What this means for your business: If you employ more than 50 workers who are enrolled in NJ FamilyCare, budget for this additional per-employee expense. This may also influence decisions about employee benefits packages and compensation structures.
Property Tax Relief Adjustments
The budget modifies the Stay NJ program.
Stay NJ income threshold: Reduced from $500,000 to $250,000
Stay NJ maximum benefit: Capped at $4,000
These adjustments to property tax relief programs reflect the state’s effort to target benefits more narrowly while managing the overall budget deficit.
The Structural Deficit Question
The $1.7 billion structural deficit represents a significant challenge. A structural deficit means the state’s recurring expenses exceed its recurring revenues—a situation that typically requires either revenue increases or spending cuts in future years.
What this means for your business: While this year’s proposal includes specific tax changes, the structural deficit suggests potential for additional revenue measures in future budget cycles. Business owners should stay attuned to legislative developments and maintain flexibility in their long-term tax planning.

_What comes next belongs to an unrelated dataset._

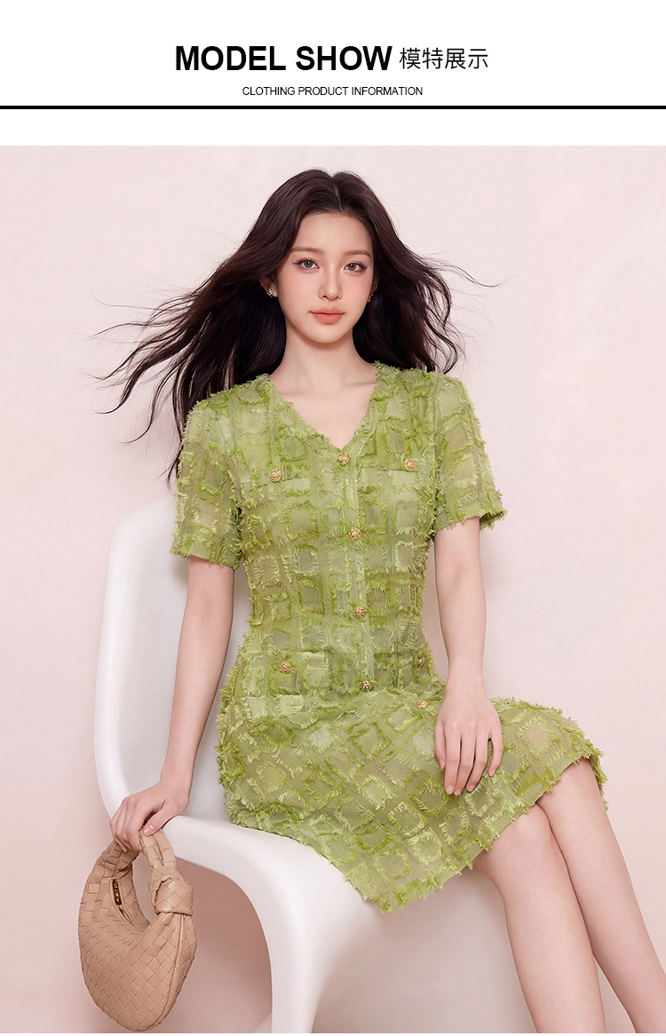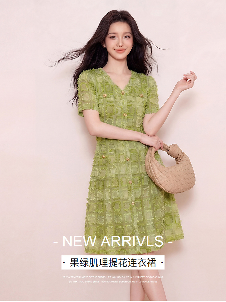 奢姿大码女装2026夏季胖妹妹轻奢优雅连衣裙气质V字肌理提花A字裙9962860009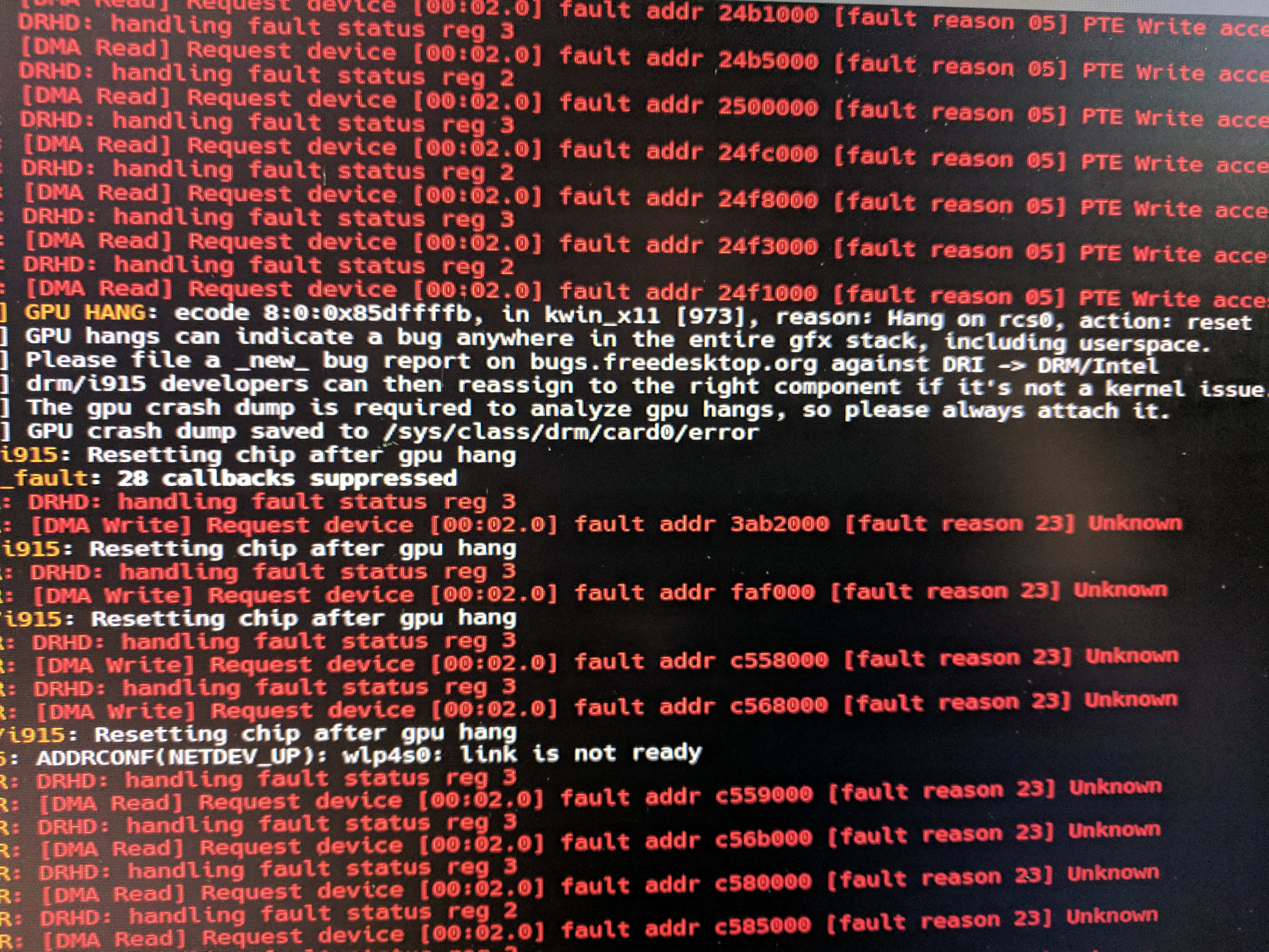 Created attachment 134784 [details] error output sometimes takes 12 hours sometimes every 2m... all depends on the GPU/DRI etc.. I have a jpg of the actually dmesg output but wont let me attach more than one file.. I will in the comment if I can.. but error goes along the lines: GPU HANG: ecode XXXXXXX in Kwin_x11, reason Hang on rcs0, action reset then it tells me to fine a report with the file attached before and after this msg I get TONS OF: [DMA READ] Request device [00:02.0] fault addr 24f1000 [fault reason 05] PTE Write access.... DRHD: handling fault status reg 2 and similar as above with [fault reason 23] Unknown and DRHD status reg 3 This started like 1 week a go not sure if is my hardware that is faulty (is been working fine for 1 year) or and Xorg update...

Other Business-Friendly Provisions
The budget also includes several provisions designed to support business operations:
Reduced filing fees for corporations and nonprofits
Additional staffing for the New Jersey Business Action Center
Continued funding for the Main Street Recovery Fund
Additional NJDEP staff to expedite permitting
Creation of a permitting dashboard for transparency
These administrative improvements could ease compliance burdens and accelerate project timelines for businesses navigating state regulatory processes.
Timeline and Next Steps
The proposed budget must be approved by both the Assembly and the Senate and signed into law by June 30. During the legislative process, provisions may be modified, removed, or added based on negotiations between the Governor and legislative leaders.
What you should do now: Don’t wait until the budget is finalized to assess its impact. Work with your tax advisors to model scenarios based on the proposed changes, particularly if your business would be affected by the NOL cap or alternative business calculation amendments.

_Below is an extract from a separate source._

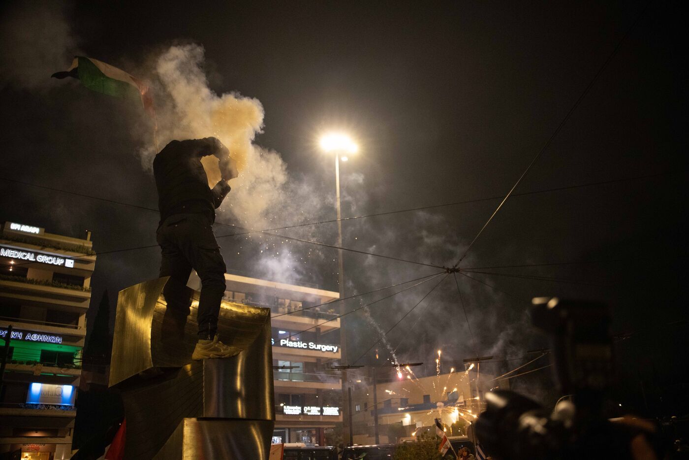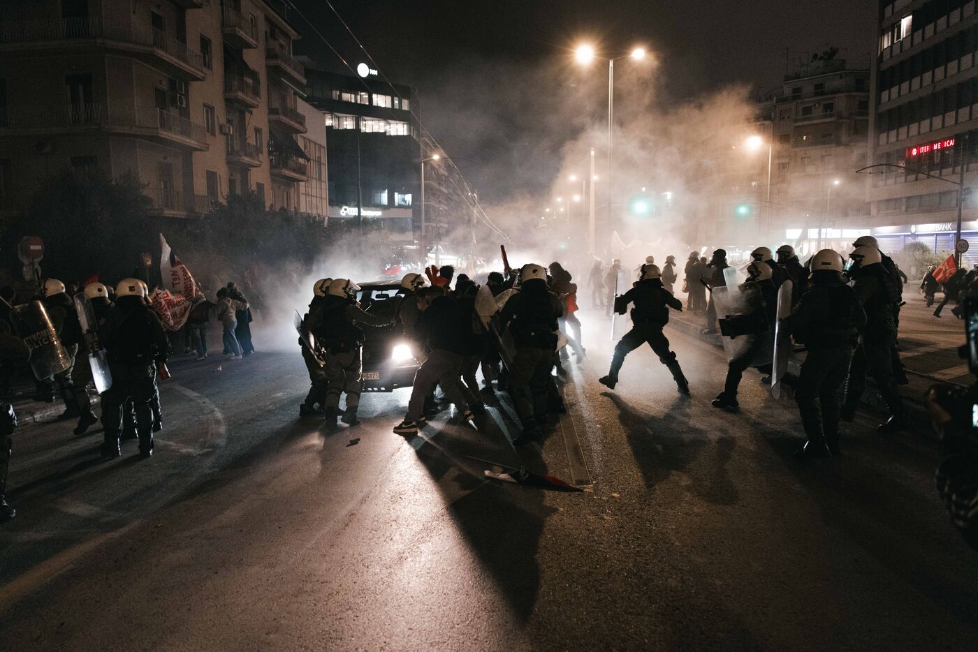 Des milliers de manifestants pro-palestiniens défilent dans les rues centrales en brandissant des drapeaux et des banderoles près des ambassades israélienne et américaine à Athènes, Grèce le 7 octobre 2025. La manifestation a été organisée par l'Open Anti-Zionist Assembly, le Palestinian Youth Movement et d'autres groupes de solidarité pour marquer deux ans depuis le début du génocide en Palestine. Les participants ont scandé des slogans et exprimé leur solidarité avec le peuple palestinien.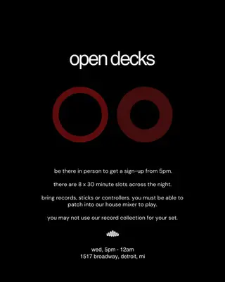 Open Decks on April 15, 2026 at Paramita Sound, Detroit features electronic music performances DJ sets.

If you have questions about how these proposed changes might affect your business, our team at HBK is here to help you analyze the implications and develop strategies to minimize adverse impacts. Contact us to discuss your specific situation and ensure you’re prepared for whatever provisions ultimately become law.
Understanding and planning for tax changes before they take effect gives you the greatest flexibility to respond strategically rather than reactively.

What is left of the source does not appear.